Our Birmingham traffic ticket defense attorneys were encouraged by the recent news that an Alabama house panel has rejected a plan that would have allowed cities in Jefferson County to erect red light cameras.
Birmingham traffic tickets practically grow on trees. Across the country, more than 100,000 people get a traffic ticket every single day. That breaks down to about 1 in every 6 drivers every year.
So you’re chances of getting a Birmingham traffic ticket are pretty solid to begin with.
What Senate Bill 545 would have done was allow any city in Jefferson County to set up automated red light cameras. A number of other states have them, and you may be familiar with them even if you’ve never come across them. For those who may be unaware, they are cameras that are affixed to intersections throughout a geographic area that record activity at that intersection. The cameras have built-in sensors to detect when a light has changed from yellow to red. If a vehicle proceeds through the intersection after that, the camera will take a picture of his or her license plate and then mail them a traffic ticket. No police officer, no stop. In fact, a person may not even know they’ve been ticketed until they receive a letter in the mail.
There are a number of legal issues that have arisen in other states as a result of using these cameras.
In Florida, for example, it is costing taxpayers tens of thousands of dollars to defend the citations in court, as many people were fighting them.
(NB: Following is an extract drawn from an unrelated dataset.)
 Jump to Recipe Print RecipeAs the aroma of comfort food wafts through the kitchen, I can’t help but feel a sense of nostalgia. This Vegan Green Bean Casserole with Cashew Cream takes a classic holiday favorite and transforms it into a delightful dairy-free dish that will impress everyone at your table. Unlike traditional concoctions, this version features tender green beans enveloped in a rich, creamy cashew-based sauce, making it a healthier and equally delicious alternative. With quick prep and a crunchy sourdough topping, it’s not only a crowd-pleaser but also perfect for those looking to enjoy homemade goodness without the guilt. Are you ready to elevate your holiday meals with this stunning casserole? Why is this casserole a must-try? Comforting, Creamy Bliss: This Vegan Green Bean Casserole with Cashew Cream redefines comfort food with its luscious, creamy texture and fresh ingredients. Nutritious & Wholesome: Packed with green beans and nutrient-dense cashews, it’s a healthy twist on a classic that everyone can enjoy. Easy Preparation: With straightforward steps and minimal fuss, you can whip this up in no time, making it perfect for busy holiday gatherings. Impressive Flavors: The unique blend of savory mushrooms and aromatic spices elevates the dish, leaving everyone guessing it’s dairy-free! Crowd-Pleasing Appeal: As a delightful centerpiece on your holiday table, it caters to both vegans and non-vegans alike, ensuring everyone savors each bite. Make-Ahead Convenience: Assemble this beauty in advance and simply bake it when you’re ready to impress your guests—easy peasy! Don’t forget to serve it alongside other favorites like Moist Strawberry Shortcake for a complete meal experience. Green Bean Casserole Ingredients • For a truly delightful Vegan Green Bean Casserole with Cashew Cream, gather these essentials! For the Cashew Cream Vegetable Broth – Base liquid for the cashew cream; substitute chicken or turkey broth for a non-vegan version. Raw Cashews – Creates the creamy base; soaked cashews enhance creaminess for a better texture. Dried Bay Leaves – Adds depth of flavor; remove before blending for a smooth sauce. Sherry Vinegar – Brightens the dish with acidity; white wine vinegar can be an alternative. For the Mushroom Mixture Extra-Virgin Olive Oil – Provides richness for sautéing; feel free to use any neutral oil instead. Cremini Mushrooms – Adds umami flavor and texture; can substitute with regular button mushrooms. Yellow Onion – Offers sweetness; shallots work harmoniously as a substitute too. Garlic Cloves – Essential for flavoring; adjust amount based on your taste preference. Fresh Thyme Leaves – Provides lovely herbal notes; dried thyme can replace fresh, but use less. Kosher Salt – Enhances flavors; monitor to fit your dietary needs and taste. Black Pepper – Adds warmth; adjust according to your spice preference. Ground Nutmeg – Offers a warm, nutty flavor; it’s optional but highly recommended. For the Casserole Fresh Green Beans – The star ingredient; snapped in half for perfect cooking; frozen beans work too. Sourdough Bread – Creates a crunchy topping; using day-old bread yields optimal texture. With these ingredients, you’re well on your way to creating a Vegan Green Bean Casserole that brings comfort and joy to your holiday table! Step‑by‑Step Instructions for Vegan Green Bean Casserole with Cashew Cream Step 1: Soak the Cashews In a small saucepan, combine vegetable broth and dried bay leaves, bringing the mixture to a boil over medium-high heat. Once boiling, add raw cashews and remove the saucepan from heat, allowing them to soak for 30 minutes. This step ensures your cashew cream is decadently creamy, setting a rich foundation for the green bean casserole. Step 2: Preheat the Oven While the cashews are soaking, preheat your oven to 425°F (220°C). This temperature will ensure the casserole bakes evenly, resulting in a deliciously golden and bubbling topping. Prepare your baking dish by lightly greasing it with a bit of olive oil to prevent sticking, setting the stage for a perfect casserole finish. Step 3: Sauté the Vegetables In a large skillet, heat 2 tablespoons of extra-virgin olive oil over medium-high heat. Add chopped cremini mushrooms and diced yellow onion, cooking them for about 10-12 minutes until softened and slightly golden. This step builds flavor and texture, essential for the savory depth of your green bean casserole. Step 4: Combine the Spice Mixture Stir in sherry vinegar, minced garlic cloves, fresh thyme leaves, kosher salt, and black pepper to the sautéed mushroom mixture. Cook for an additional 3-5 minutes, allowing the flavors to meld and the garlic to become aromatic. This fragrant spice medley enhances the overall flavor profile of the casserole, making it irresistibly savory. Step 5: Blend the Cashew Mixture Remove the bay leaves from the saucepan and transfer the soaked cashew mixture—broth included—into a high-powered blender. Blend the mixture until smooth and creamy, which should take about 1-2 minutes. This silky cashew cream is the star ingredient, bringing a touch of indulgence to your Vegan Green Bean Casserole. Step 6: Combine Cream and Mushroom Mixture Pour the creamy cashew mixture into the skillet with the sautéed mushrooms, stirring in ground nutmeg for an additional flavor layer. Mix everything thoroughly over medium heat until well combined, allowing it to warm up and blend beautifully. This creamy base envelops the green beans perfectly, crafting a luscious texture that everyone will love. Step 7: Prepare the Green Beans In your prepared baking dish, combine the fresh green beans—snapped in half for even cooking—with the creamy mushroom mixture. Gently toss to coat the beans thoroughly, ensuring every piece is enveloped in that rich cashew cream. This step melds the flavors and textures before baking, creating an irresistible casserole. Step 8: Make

In order for the citation to stick, police officers have to show that the car did not enter the intersection before the traffic light turned red. But tickets were being tossed because police didn’t have certified copies of vehicle registrations or because city officials couldn’t show that the people who were reviewing the tapes to catch violators were even qualified to do so. And then cases in which the drivers were accused of turning right on red without stopping proved nearly impossible to prosecute.
So it’s a relief that the same legal nightmare isn’t coming to Jefferson County – at least not anytime soon. Similar bills that would have impacted Vestavia Hills and Irondale were also struck down.
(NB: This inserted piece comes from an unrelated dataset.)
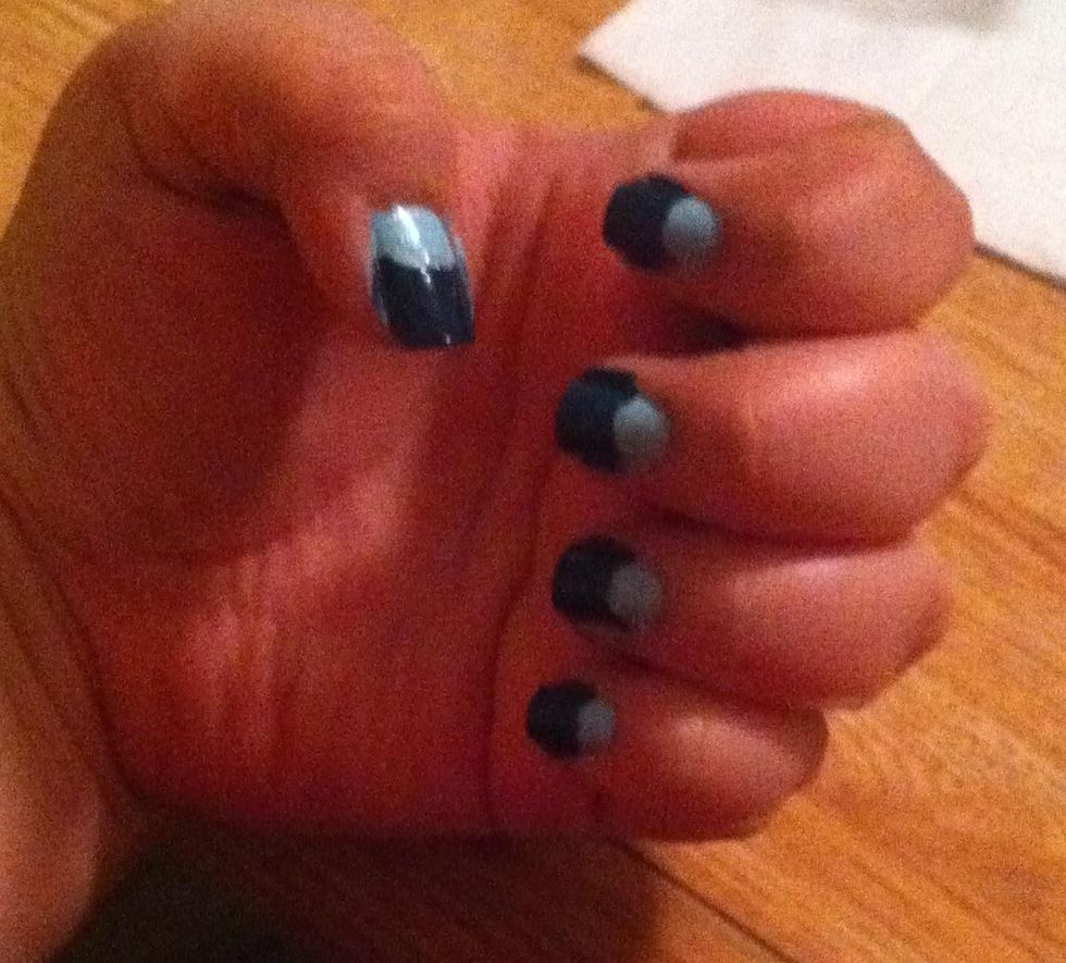 Finish result.The nail polish im usingThe dark color im usingAfter 2 coats put a paper reinforcer on the nail.Like this.Then just paint the darker color on top. While its still wet, remove the paper reinforcments.

This halted earlier efforts by the state senate, which passed the measures last week. Previously, Center Point and Midfield were approved for red light camera use.
Those who voted in favor of the cameras said they would likely lead to fewer accidents. However, Sen. Scott Beason, a Republican from Gardendale, noted that red-light cameras actually increase the risk of rear-end collisions.
Others who voted against the measures said that some city governments would likely only see the cameras as a revenue stream. And as we’ve seen demonstrated in Florida, that can backfire – big time.